*** Data extract

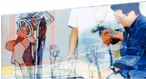
Kaléidoscope - Morez - 2009
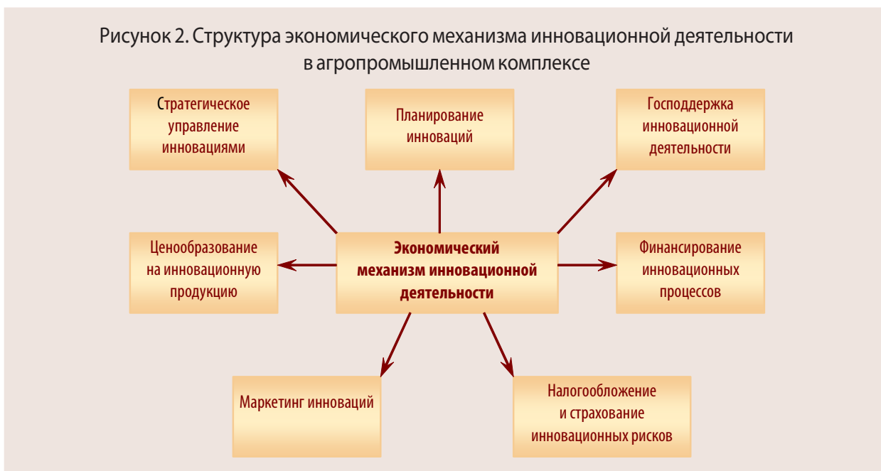
Рисунок 2. Структура экономического механизма инновационной деятельности в агропромышленном комплексе

питательного вещества сверх потребности животного не приведет к повышению его продуктивности. Комплексный характер инноваций в АПК предъявляет специфические требования к инновационному механизму (рис. 2).

******

> [What needs to be done] Any picture found in the data is to be skipped while the rest is copied exactly.

> [Answer space]
Kaléidoscope - Morez - 2009
Рисунок 2. Структура экономического механизма инновационной деятельности в агропромышленном комплексе

питательного вещества сверх потребности животного не приведет к повышению его продуктивности. Комплексный характер инноваций в АПК предъявляет специфические требования к инновационному механизму (рис. 2).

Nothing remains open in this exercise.